= Elizabethan leisure =

In the Elizabethan era (1558–1603), there was a wide range of leisure activities entertaining both the nobility and the common classes. Among these leisure activities were animal fighting, team sports, individual sports, games, dramatics, music and the arts.

==Blood sports==
A variety of pastimes which would now be considered blood sports were popular. Cock fighting was a common pastime, and the bets on this game could amount to thousands of pounds, an exorbitant amount of money in those days, and many respectable gentlemen lost all their money this way. Henry VIII had a royal cockpit built at one of his palaces.

Young boys on Shrove Tuesday would normally bring in their own fighting rooster and would spend the afternoon at school placing bets on which rooster would win. The most famous cock-pit in London was in Drury Lane, and most towns and villages had their own pit.

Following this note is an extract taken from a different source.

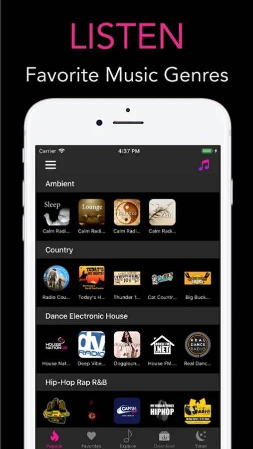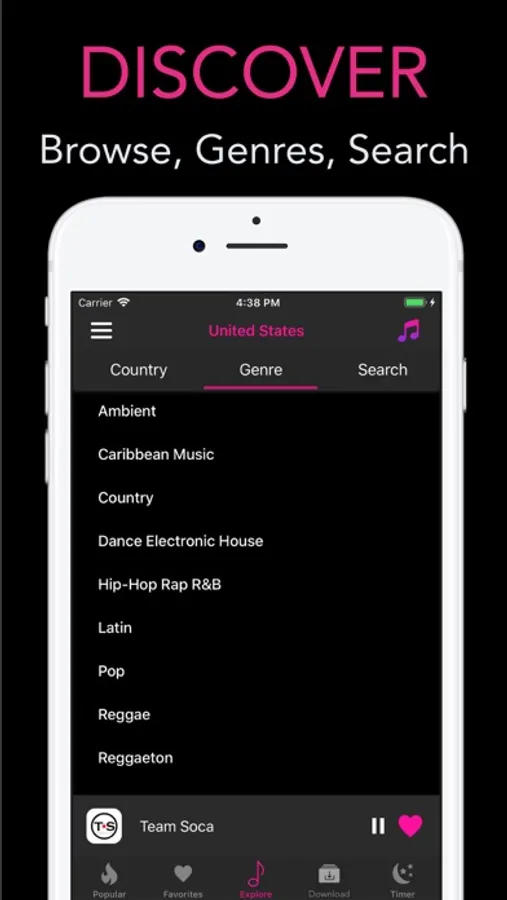 - Browse the worldwide catalog per Country or per Genre (Pop, Rock, Hip Hop, Latin, Country, Relax ...)

There were other common animal sports: bear-baiting, bullfighting, dog fighting, and cock throwing.
Bowls was also extremely popular in the Elizabethan era.

==Hunting==
Various types of hunting were popular with the nobility. The stag, boar, roe, buck, badgers, otters, hares, and foxes were also hunted. Greyhounds and Irish Wolfhounds were common for hunting.

For the upper class, hawking was a popular sport. Much time was spent on training a hawk or falcon, and keeping it in good condition, requiring many pieces of expensive, specialized equipment, making it too expensive for the lower classes.

Queen Elizabeth I was very fond of both hunting and hawking.

==Team sports==
Elizabethan style football was comparable to the present-day sports of rugby union and rugby league. Two teams rushed against each other, trying to get the "ball" in through the goalposts. "Cudgels" was also a popular sport among young men. A type of stick fighting, it was a sport effectively training for sword fighting, but using wooden wasters or simple cudgels.

===Music and dance===
Music was greatly enjoyed throughout this era, as seen through quite a few family evenings including musical performances. Children were taught to sing and dance at a very early age and became used to performing in public during such evenings. Keyboard instruments such as harpsichords, clavichords, dulcimers and virginals were played. Woodwind instruments like woodsy, crumhorns, flutes and stringed instruments such as lutes and rebecs were also widely used.

Court dances included the pavane and galliard, the almain and the volta, whilst among popular dances were the branle, The Barley-Break (a setting by William Byrd is in My Ladye Nevells Booke), Nobody’s Jig (of which a version was set by Richard Farnaby) and the Shake-a-Trot.